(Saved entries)
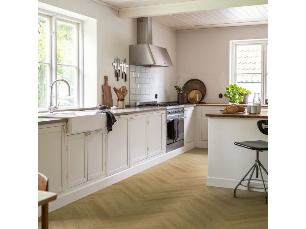 Pergo Vorma pad má moderný dizajn rybích kostí v teplom stredne dubovom tóne, ktorý vyžaruje nadčasovú eleganciu. Jemné uzly a jemné praskliny dodávajú prirodzený šarm a charakter, pričom zachovávajú čistý a sofistikovaný vzhľad. Jemná drevená konštrukcia tejto vinylovej podlahy poskytuje realistický vzhľad a pocit. Veľkorysá veľkosť dosiek na vinylovej podlahe Vorma s rybou kosťou dodáva vašej izbe pocit luxusu. Podlaha je veľmi odolná, s extra pevným jadrom a vynikajúcou vrchnou vrstvou, ktorá poskytuje vysokú odolnosť voči škrabance, škvrnám a opotrebeniu. Vorma je úplne nepremokavá, čo z nej robí skvelú voľbu aj do kuchyne alebo chodby. S Unizip® klikacím systémom je možné dosky Vorma Pad Pro jednoducho zacvakávať dosky, bez problémov so sledovaním pravého a ľavého dosky. Dosky Vorma majú tiež integrovanú podložku, čo ešte viac urýchľuje a uľahčuje inštaláciu.
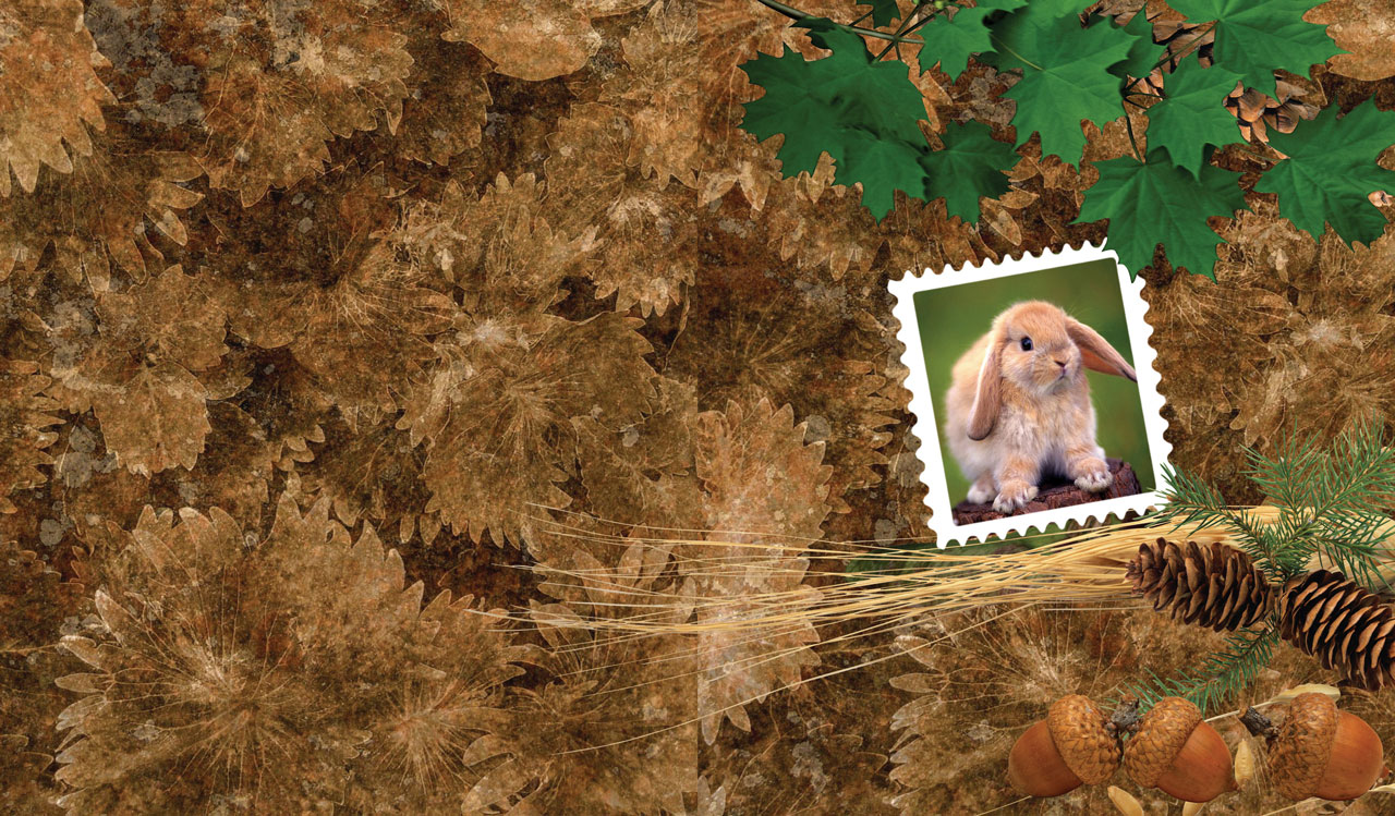 2. Bunny in a postage stamp frame on dry leaves background with acorns and cones
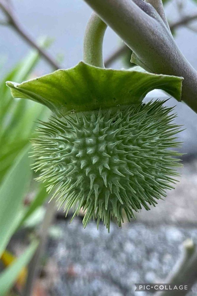 お花は似てるんですよね。でも、エンゼルトランペットは、こんな実は出来ないですよね😅
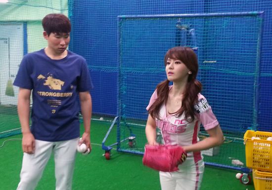 에이스 이재학의 시구 지도를 받고 29일 마산 NC-두산전 경기 개시 직전 마운드에 오른 서유리씨. 대체로 시구자들이 마운드보다 앞에 서서 공을 던지는 경우가 대부분이지만 서유리씨는 현역 투수들처럼 마운드에 오르는 패기를 보여줬다. 그러나 정작 공은 자신이 선 곳에서 얼마 떨어지지 않은 곳에 바운드되고 말았다.
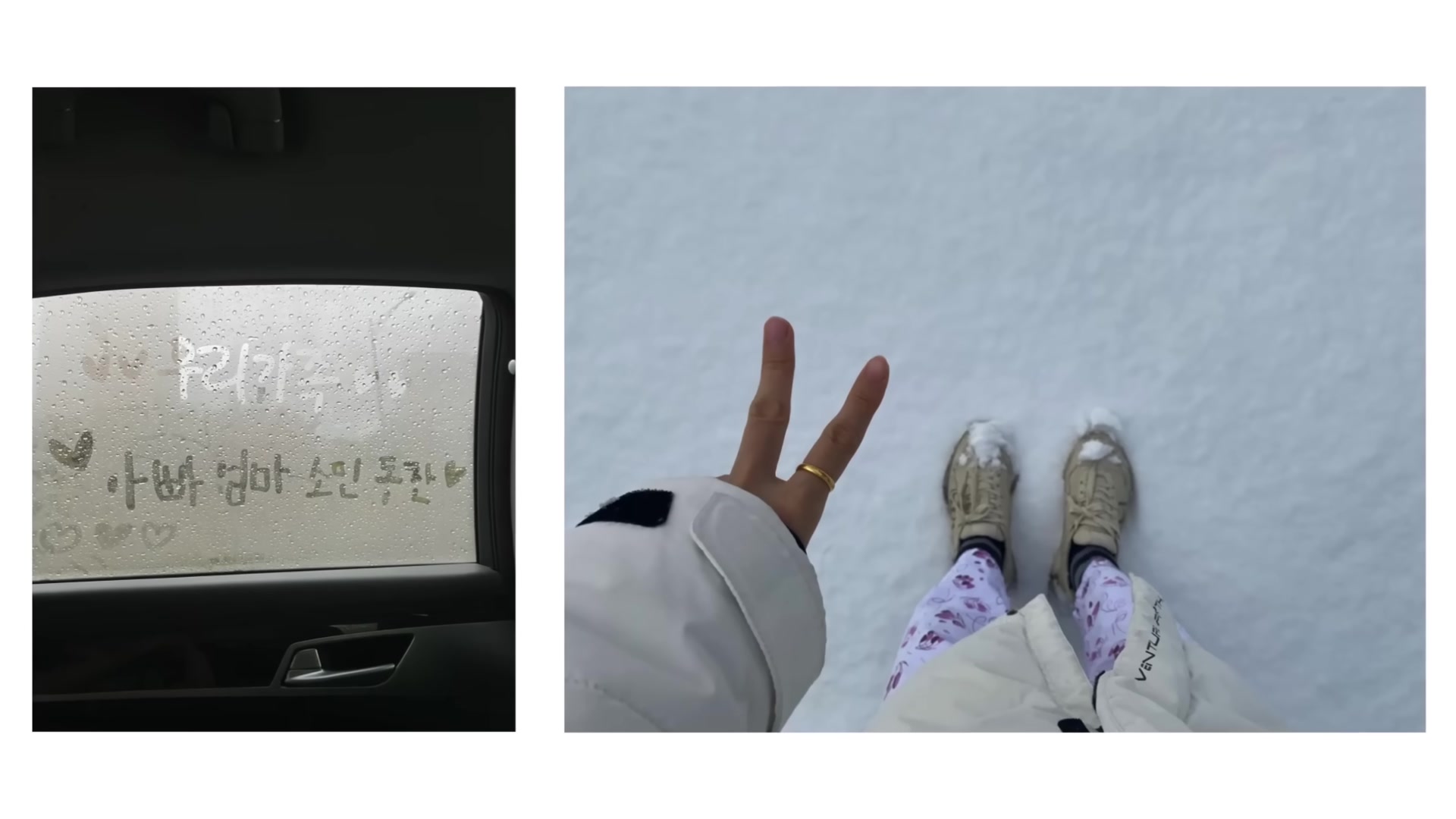 여기 왼편에 있는 사진이 제가 그날 아빠 차에서 혼자 창문에 이렇게 적어 놓은 낙서인데요
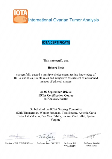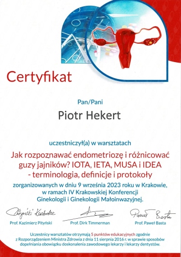 - Warsztaty "Jak rozpoznawać endometriozę i różnicować guzy jajników? IOTA, IETA, MUSA, IDEA - terminologia, definicje, protokoły" Kraków 09.09.2023
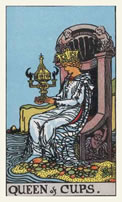 | Je huidige bewuste instelling : Bekers Koningin Je bent, kent of komt in aanraking met een zuiver gevoelsmens. Intuïtief en zeer liefdevol, behulpzaam, dromerig en wijs. |
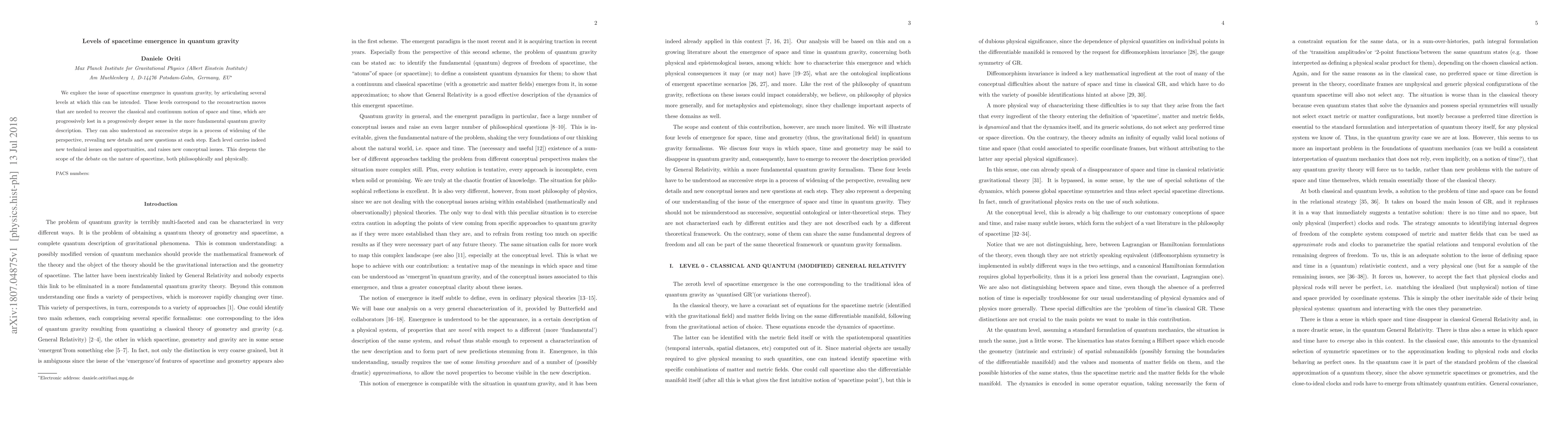 This paper investigates various levels of spacetime emergence in quantum gravity, detailing the reconstruction processes needed to recover classical notions of space and time. Each level introduces new technical and conceptual challenges, deepening the philosophical and physical discourse on the nature of spacetime.
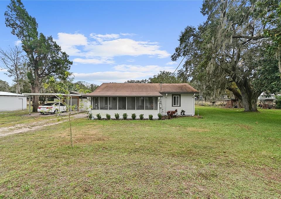 A rare find! A fantastically charming 2/1 sitting on a sprawling .85 acres right in the heart of historic Kathleen. NO HOA! This home has so much to offer, with an extensive remodel completed in 2019 including NEW WINDOWS, cabinets, countertops, appliances, light fixtures, water heater, and more! New laminate wood flooring installed in 2021. Perhaps one of the best features of this home is the huge front porch, fully screened and ready to enjoy indoor/outdoor living in the beautiful Florida weather! When you enter the home from the porch you enter the spacious living area, offering endless possibilities of layout and design. Just off the living area is the fully updated kitchen with tons of cabinet and counter space. The kitchen gets tons of NATURAL LIGHT, paired with the gorgeous white and grey design choices, this kitchen is a great place to be! Just off the kitchen is a great dining area and door leading to the covered back porch. The laundry closet is also conveniently located near the kitchen and dining area. The bathroom and both bedrooms are located with easy access from both the kitchen and living area. The bathroom has been very nicely updated to match the design of the kitchen, the vanity cabinet and wall shelving makes the best of the space to offer great storage. Both the bedrooms offer great space and have large windows that let in lots of natural light. Outside you have a covered back porch and the back yard of your dreams! The property is more narrow and deep so the back yard sits back far off the road, the space has so many possibilities! The workshop is comprised of two separate rooms featuring several exterior doors as well as a recently added roll up door in the front, a full size single carport is also attached to the front of the shop. This home is a rare find with this kind of land and a beautifully remodeled home, call to schedule your showing today!
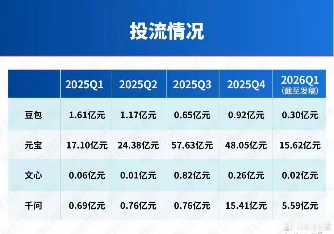 马化腾这个钱没白砸,这个春节BAT三巨头应该要在AI上正面火拼了。字节占据先发优势,投流最少。腾讯元宝,马化腾直接表示烧出一个未来。阿里的千问虽然起步晚,但最近发力确实猛。百度的文心虽然占据先发优势,但懂的都懂。
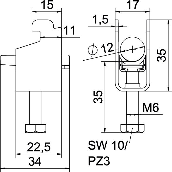 Clamping range D, max. 12 mm Clamping range D, min. 8 mm CO2 Footprint (GWP) Cradle-to-Gate 0,1716 kg CO2e / 1 Piece Dimension 08-12mm Dimension A 22,5 mm Dimension B 17 mm Dimension C 34 mm Dimension G (mm) M6 Dimension H 35 mm Dimension L 35 mm Dimension t 1,5 mm For pipe diameter, max. 12 mm For pipe diameter, min. 8 mm for rail with slot width (with interval), max. 12 mm for rail with slot width (with interval), min. 11 mm Halogen-free yes Height 35 mm Length 22,5 mm Length of external dimensions 34 mm Material Aluminium Material addition Aluminium Material of trough Plastic Material quality of trough Polypropylene Max. Tightening torque 2 Nm Mounting type Profile rail Number of cables/pipes 1 Plate thickness 1,5 mm Slot width 10 mm Surface addition Untreated Thread M6 Width 17 mm With counter-trough no With plastic trough yes - All types
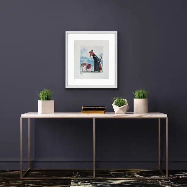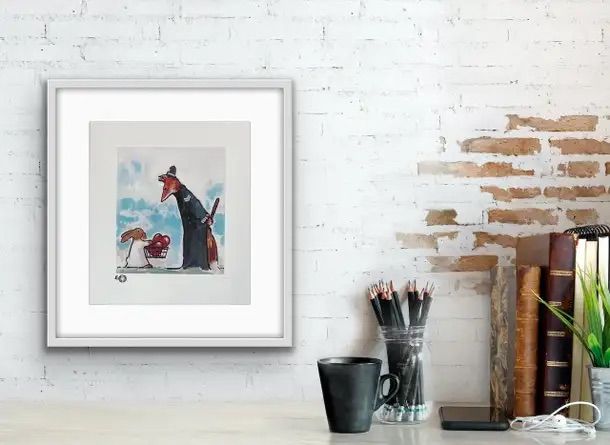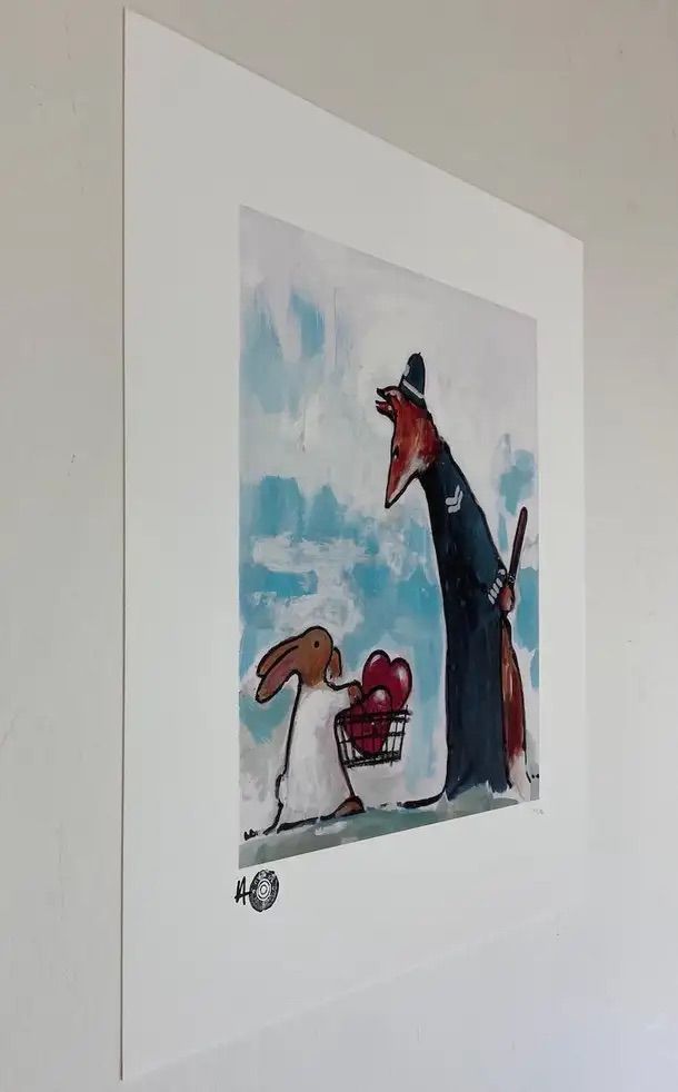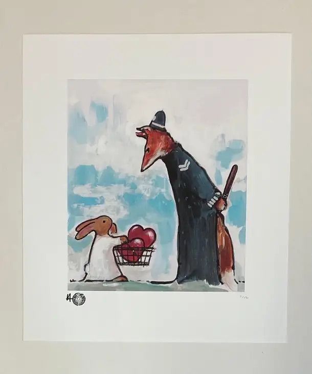 Essential Items is a limited edition print by Harry Bunce. This work in Harry's usual style uses the characters of the rabbit and fox to create a satirical scene related to the current lockdown restrictions. Please note that the complete size of unframed work is the sheet size of the

**TASK DETAILS:** Please repeat exactly the data above from its first line to the line that contains "This paper investigates", inclusive, and leave every picture out.

**ANSWER AREA:**
 Pergo Vorma pad má moderný dizajn rybích kostí v teplom stredne dubovom tóne, ktorý vyžaruje nadčasovú eleganciu. Jemné uzly a jemné praskliny dodávajú prirodzený šarm a charakter, pričom zachovávajú čistý a sofistikovaný vzhľad. Jemná drevená konštrukcia tejto vinylovej podlahy poskytuje realistický vzhľad a pocit. Veľkorysá veľkosť dosiek na vinylovej podlahe Vorma s rybou kosťou dodáva vašej izbe pocit luxusu. Podlaha je veľmi odolná, s extra pevným jadrom a vynikajúcou vrchnou vrstvou, ktorá poskytuje vysokú odolnosť voči škrabance, škvrnám a opotrebeniu. Vorma je úplne nepremokavá, čo z nej robí skvelú voľbu aj do kuchyne alebo chodby. S Unizip® klikacím systémom je možné dosky Vorma Pad Pro jednoducho zacvakávať dosky, bez problémov so sledovaním pravého a ľavého dosky. Dosky Vorma majú tiež integrovanú podložku, čo ešte viac urýchľuje a uľahčuje inštaláciu.
 2. Bunny in a postage stamp frame on dry leaves background with acorns and cones
 お花は似てるんですよね。でも、エンゼルトランペットは、こんな実は出来ないですよね😅
 에이스 이재학의 시구 지도를 받고 29일 마산 NC-두산전 경기 개시 직전 마운드에 오른 서유리씨. 대체로 시구자들이 마운드보다 앞에 서서 공을 던지는 경우가 대부분이지만 서유리씨는 현역 투수들처럼 마운드에 오르는 패기를 보여줬다. 그러나 정작 공은 자신이 선 곳에서 얼마 떨어지지 않은 곳에 바운드되고 말았다.
 여기 왼편에 있는 사진이 제가 그날 아빠 차에서 혼자 창문에 이렇게 적어 놓은 낙서인데요
 - Warsztaty "Jak rozpoznawać endometriozę i różnicować guzy jajników? IOTA, IETA, MUSA, IDEA - terminologia, definicje, protokoły" Kraków 09.09.2023
 | Je huidige bewuste instelling : Bekers Koningin Je bent, kent of komt in aanraking met een zuiver gevoelsmens. Intuïtief en zeer liefdevol, behulpzaam, dromerig en wijs. |
 This paper investigates various levels of spacetime emergence in quantum gravity, detailing the reconstruction processes needed to recover classical notions of space and time. Each level introduces new technical and conceptual challenges, deepening the philosophical and physical discourse on the nature of spacetime.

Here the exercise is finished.